27. Who are your favorite writers?
It's a longish and eclectic list. Isaac Asimov. Herman Hesse. Rudyard Kipling. Bill Waterson. J.R.R. Tolkien. Kalki Krishnamurthy. I should also add Arthur Conan Doyle to the list. Not only did I grow up on Sherlock Holmes, but I think Mr. Doyle taught me how to move stories forward through dialogue rather than description. There are many others who I love to read and re-read, and this list could go on and on…

28. Who is your hero of fiction?
Ummm… Batman. I like heroes that have some element of darkness within that they must live with or overcome, rather than completely idealized figures.

29. Which historical figure do you most identify with?
Never really thought about this! It would be some loyal commander-type, I think; not some king or queen of yore.

30. Who are your heroes in real life?
Anyone who can act with courage and compassion is a hero in my eyes.

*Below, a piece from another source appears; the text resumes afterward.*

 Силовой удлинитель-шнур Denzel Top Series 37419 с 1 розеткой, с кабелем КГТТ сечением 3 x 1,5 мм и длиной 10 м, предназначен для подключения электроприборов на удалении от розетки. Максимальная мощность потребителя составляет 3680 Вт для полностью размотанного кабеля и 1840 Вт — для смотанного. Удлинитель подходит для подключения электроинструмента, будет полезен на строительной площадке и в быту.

31. What are your favorite names?
I really like the name Govinda, which is why I used it for my character and the title of my first book. "Govindambhajamoodamathey" – "chant the name of Govinda, you fool," AdiShankara sings to a fellow scholar.
My father was a big fan of AdiShankara, particularly the kind of conviction he must have had to address one of his peers as "you fool". I guess that is what the name Govinda signifies to me. Conviction.

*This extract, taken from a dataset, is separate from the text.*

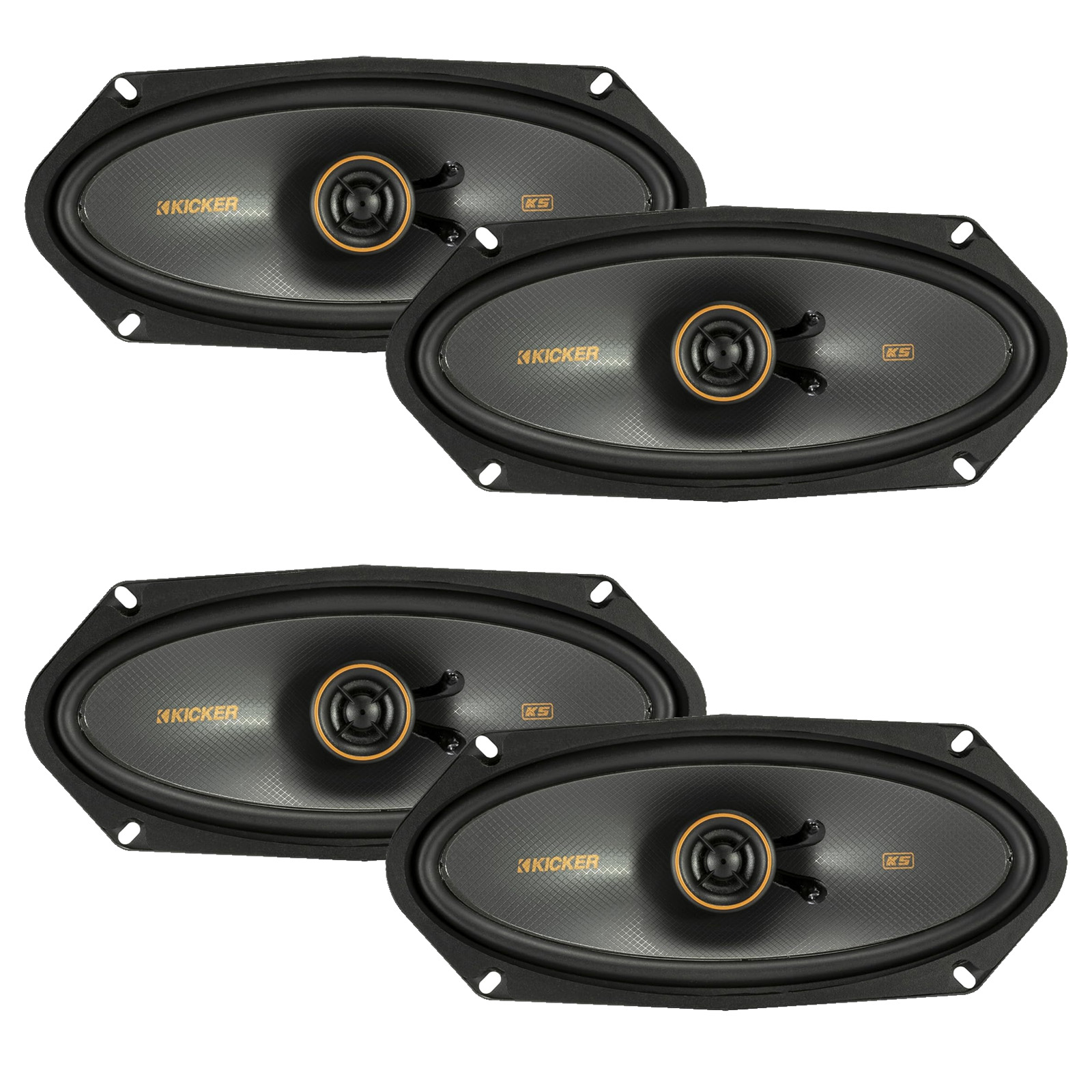 • Kicker KS-Series Speakers let you play at concert-like volume, yet maintain the smoothness and subtlety to please even the most selective ear. Internally dampened polypropylene cones and durable rubber surrounds assist the woofers in creating precise midrange and midbass, while high-quality silk-dome tweeters deliver natural, detailed highs.

32. What is it that you most dislike?
People who abandon, abuse or neglect dogs (any animal companion, for that matter).

33. What is your greatest regret?
I regret every harsh word spoken, and every gentle word left unsaid. And I really, really regret that I don't seem to learn not to make those mistakes over and over.
My greatest remorse, however, is that nearly fifteen years ago, while waiting at a traffic signal, I saw a woman run by in tears, dressed in but a nightgown and with her hair disheveled. I thought of getting down from my auto-rickshaw to inquire, if not help, but I was already running late and the traffic began to move… The woman's image is still fresh in my mind, and it haunts me till today that I did nothing.

34. How would you like to die?
Calmly, and with full awareness of my passing.

35. What is your motto?
narayanaya vid mahe
vaasudevayadhimahi
thannovishnuprachodayaat
We shall know the divine spirit within, we shall meditate on the essence of all beings. Thus, the all-pervading shall blaze forth.